2.99% reflects the estimated average tax savings for accounts which received a Tax Savings report from Q12022 through Q32022 using 55ip’s tax-smart technology. 2.82% reflects the estimated annualized average tax savings for accounts which received a Tax Savings Report for period from Q12020 through current quarter using 55ip’s tax-smart technology. The estimated annualized average tax savings is based on an arithmetic average of each quarterly tax savings. The quarterly tax savings of all accounts in a respective quarter are summed and divided by the number of years represented. The aggregated percent tax savings for each quarter is taken as an average and annualized to determine the estimated annualized average tax savings referenced above.

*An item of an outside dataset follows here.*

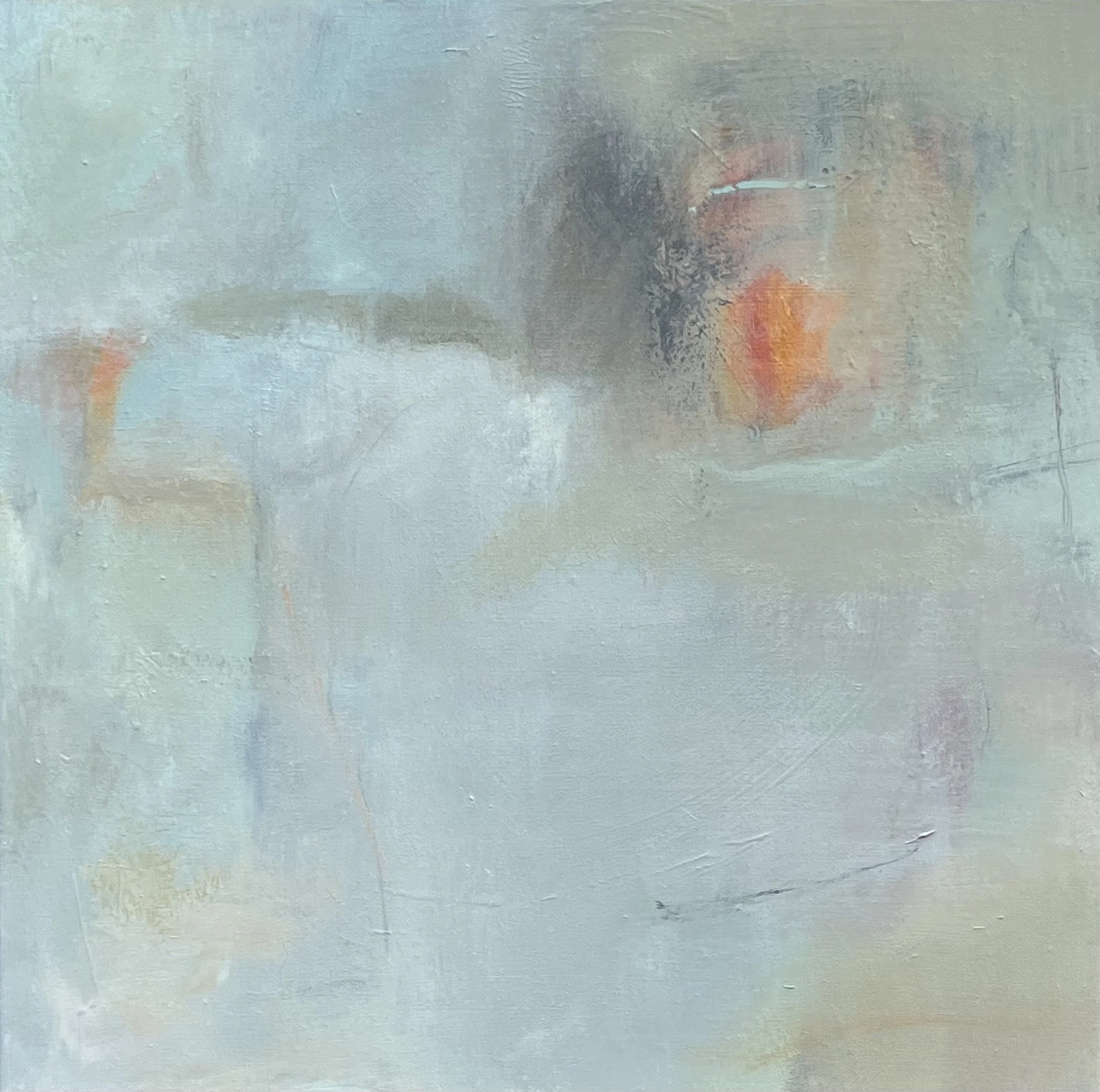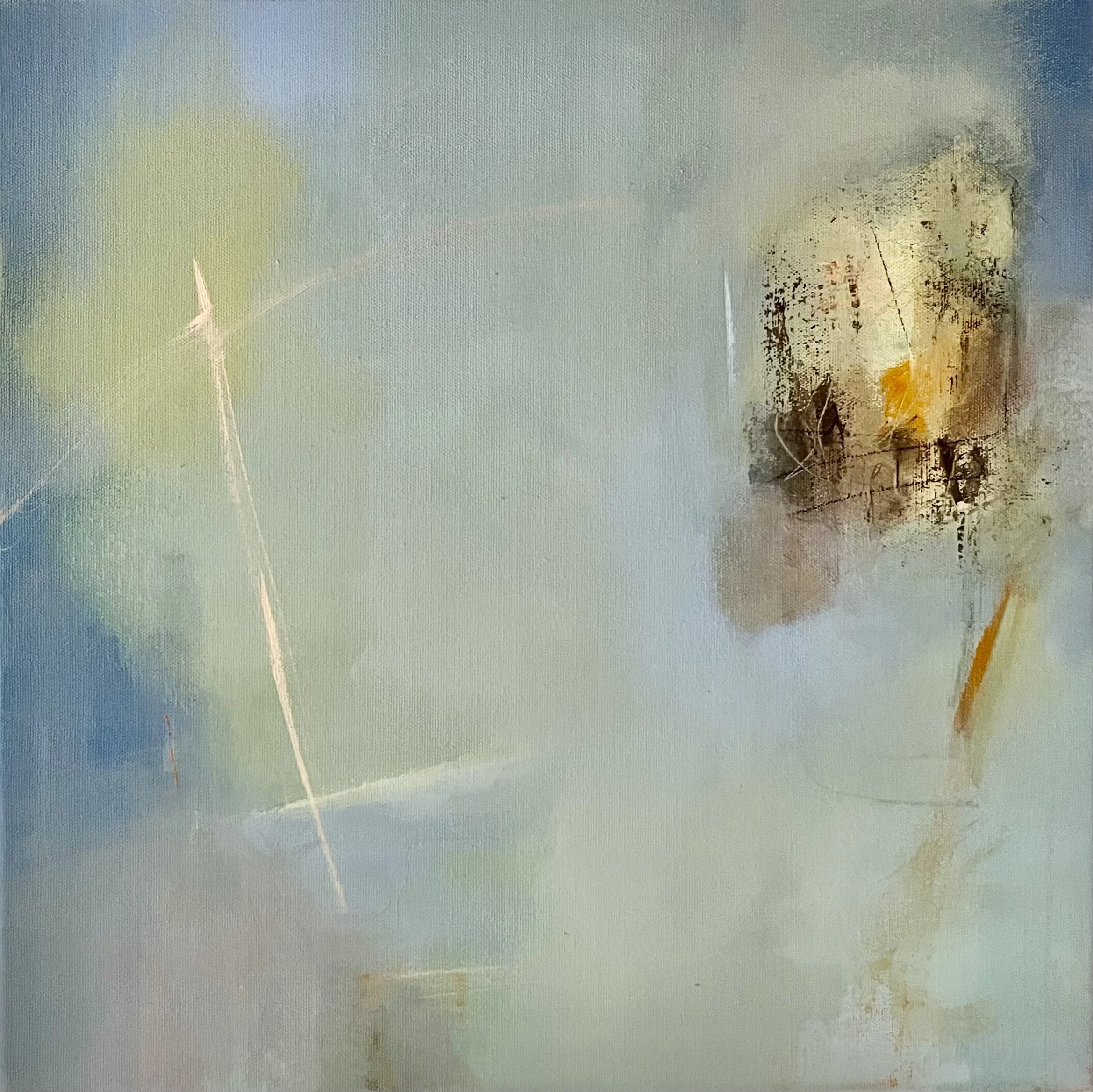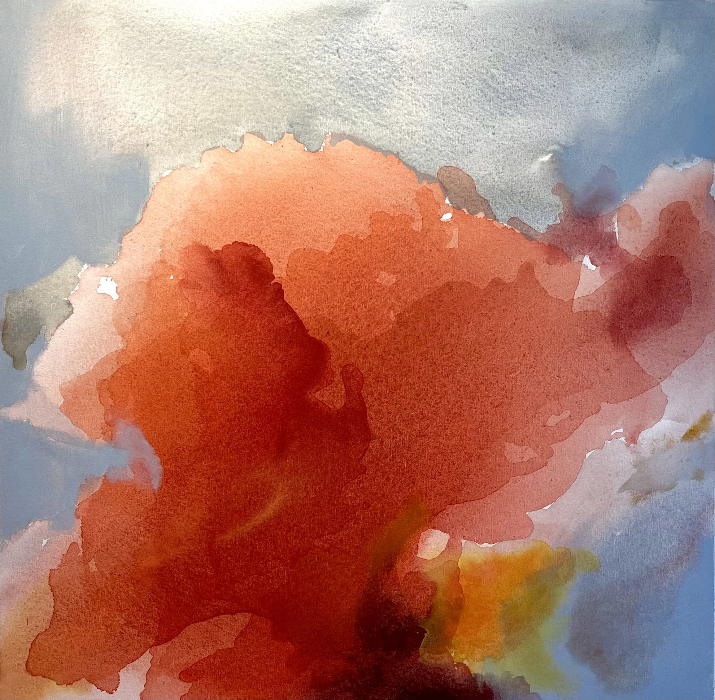 In developing this series of paintings, I was able to link both process and concept. Having prepared tinted solutions of heavily diluted paint, I begin by saturating the surface of the canvas with water, leaving certain areas dry. The fusion of pigment and water pooling on the surface helps to create the veils and skeins of delicately tinted colour, which expresses the sensations of light, vapour and mist seen in the cloud-skies above.

Calculation methodology: Average tax savings are calculated by comparing the client’s actual account activity with a shadow account created by 55ip. The shadow account has the same inception date and is invested in the same model as the client’s actual account but does not incorporate 55ip’s tax-smart technology for rebalancing. Gains and losses are accrued for both the client’s actual account and shadow account to produce the estimated tax bill. The tax rate applied to the client’s actual account and the shadow account are provided by the client’s advisor. If no tax rate is provided, then the highest applicable federal tax rate (20% for long-term gains/losses and 37% for short-term gains/losses) is assumed and an additional 3.8% net investment income tax rate is applied to both accounts. The estimated tax bill of the client’s actual account is then compared to the estimated tax bill of the shadow account, and the shortage of the former amount is the client’s estimated tax savings. There is no guarantee that the estimated tax and subsequent projected tax savings will equal the actual tax liability/tax savings achieved by the client. J.P. Morgan and its affiliates and employees do not provide tax, legal or accounting advice. You should consult your own tax, legal and accounting advisors before engaging in any financial transactions.